GAAR serves as an anti-tax avoidance measure that keeps a check on the businesses that enters into transactions or arrangements having corporate tax advantage as primary objective.
The instances of corporate tax advantage (as envisaged in the Corporate Tax Law) includes:
| Obtaining a tax refund or increase refund |
| Avoidance or reduction of tax |
| Deferral of tax payment or advancement of refund of tax |
| Avoidance of an obligation to account for Corporate tax |
GAAR as a concept is also seen being implemented in the global context. Many countries have adopted GAAR in some form, though few have just taken a cautious approach and are still considering the introduction of one.

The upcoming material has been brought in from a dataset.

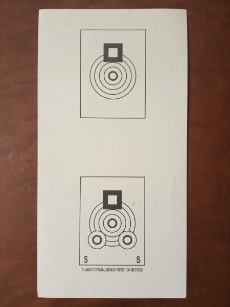 Mira. El blanco rectangular con dos mitades es el tradicional de Bench-Rest de 100 m, y que es el que usábamos en BR-50, tanto Open como Stock, a 50 metros con el .22 lr. En la mitad de abajo, que es de prueba, se pegan todos los tiros que uno quiera y en la de arriba, la de competición, sólo cinco. Puntúan los mm de centro a centro de los más distanciados y se suman los mm de cinco blancos. En el actual BR-50 ya no se usa. En el BR de fuego central sí.

GAAR authorizes the Tax Authority of the particular country (FTA in UAE’s scenario) to disregard the transactions or arrangements, which do not have any commercial substance and are undertaken only for tax benefit.
Although, the GAAR provisions contemplate substantial powers in the hands of the Tax Authority, the provisions cannot be applied arbitrarily and could be applied to transactions or arrangements that are considered to be “abusive”.
It shall be noted that ‘arrangement’ includes any agreement, understanding, scheme, transaction, or series of transactions, whether or not legally enforceable.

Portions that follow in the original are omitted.